La conciencia moral y los prejuicios
Todos nos
convertimos en personas aptas para vivir civilizadamente en una sociedad,
gracias a que alguien nos enseñó, como dice la canción, “que eso no se dice,
que eso no se hace, que eso no se toca”. Para poder convivir con los demás
debemos renunciar a actuar haciendo lo que se nos antoje. Tenemos que ceder
parte de nuestros deseos, en nombre de una sana adaptación a algunas normas
básicas que rigen el mundo.
También nos
inculcan desde niños un catálogo de conciencia moral en el que hay dos
apartados separados por una gruesa línea roja: lo que está bien y lo que está
mal. Por lo general, los padres o tutores solamente son los transmisores de una
moral que ya ha sido establecida por alguna autoridad. Así, aprendemos a
valorar lo bueno y lo malo a partir de la religión, la ley, la cultura o
cualquier otro conjunto de principios que rija una sociedad.
Muchos de
esos principios y valores están lejos de ser razonables, en la mayoría de los
casos precisamente por el carácter absoluto y poco flexible con el que vienen
impuestos. Además, a veces se basan en prejuicios, miedos insanos o deseos
inconfesables.
A algunos,
por ejemplo, nos enseñan que la discriminación racial es positiva, en tanto
protege la “pureza” de un determinado grupo. A otros les indican que la
masturbación los puede volver locos. En ambos casos, lo que se transmite es
irracional y aún así se inculca como válido.

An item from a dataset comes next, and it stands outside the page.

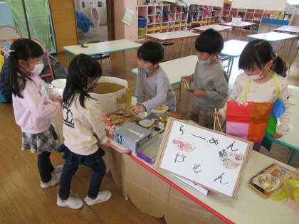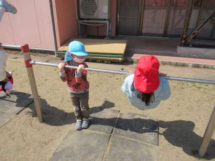 今日のたんぽぽ組の様子 公開日 2022/03/11 更新日 2022/03/11 1日の生活 3月11日(金) 今日は修了式の合同練習に参加した後、園庭で遊びました。六角ジムでは以前は高いところに登るのを怖がっていた子も、今日は友達と一緒に挑戦し、自分の記録を更新してとても嬉しそうでした。鉄棒ではつばめ組さんに逆上がりのコツを教えてもらい、マネをしてやってみていました。 午後からはお店屋さんごっこや製作遊び、カラー積み木でたくさん遊びました。

La rigidez moral y la arbitrariedad
La
conciencia moral, por lo general, se transmite de manera arbitraria. En
principio, los padres y el mundo consideran que es un deber ayudar al niño a
que acepte los mandatos morales de la sociedad. No necesitan exactamente que
tengan una conciencia real de ellos, sino que los obedezcan. Por eso, para
muchos, “educar” consiste en lograr que todos obedezcan.
En algunas
familias y en algunas sociedades, especialmente las que deben transmitir
principios de conducta que riñen con la razón, se valen del señalamiento, de la
amenaza y del castigo para poder inculcar en los suyos el respeto a ciertas
normas.
Es lo que
sucede en las culturas en donde, por ejemplo, hay una fuerte discriminación en
contra de la mujer. El catálogo de conducta para ellas es sumamente estricto y
está básicamente lleno de restricciones. De este modo, se logra que lleguen a
aceptar prácticas como la infibulación o la violencia física por parte de los
hombres. Esto solo se puede inculcar a través de limitaciones y castigos
sucesivos que eviten su insumisión.
La conciencia moral y la moralina
Todos los
catálogos morales incluyen alguna suerte de irracionalidad. Muchos de esos
catálogos están dirigidos hacia el comportamiento sexual y la relación que se
mantiene con el poder. Muchas infancias son una etapa de “adoctrinamiento”, en
la que se busca básicamente quebrar la voluntad del individuo, para que no
desarrolle conductas “desviadas” de la norma.
Muchas
personas interiorizan profundamente esos mandatos y en su vida adulta son
presas fáciles de la culpa. De hecho, llegan a sentirse culpables incluso si se
les pasa por la mente cuestionar los preceptos bajo los que han sido educados.
Se sienten
“malos” si ponen en cuestión el comportamiento de sus padres o la validez
conceptual de una religión. La “voz de la conciencia” se convierte en una
instancia perseguidora y perturbadora que les mantiene “vigilados” y que les
induce a castigarse con severidad si se apartan del mandato.
Precisamente,
una de las tareas de un adulto sano es la de decantar esos valores, o
antivalores, en los que ha sido educado. A diferencia de la moral, la ética es
una construcción personal, que no tiene una alta rigidez y se basa en una
valoración más objetiva de uno mismo y del mundo, a la luz de las razones.
La ética
justifica las acciones con evidencias lógicas y razones de conveniencia
personal y social. La moral se sustenta en prejuicios, es decir, en argumentos
que terminan en una arbitrariedad del tipo “porque así debe ser”, “porque en la
otra vida serás castigado” o “porque así se acostumbra”. Más ética y menos
moralina necesitamos todos para tener una convivencia sana.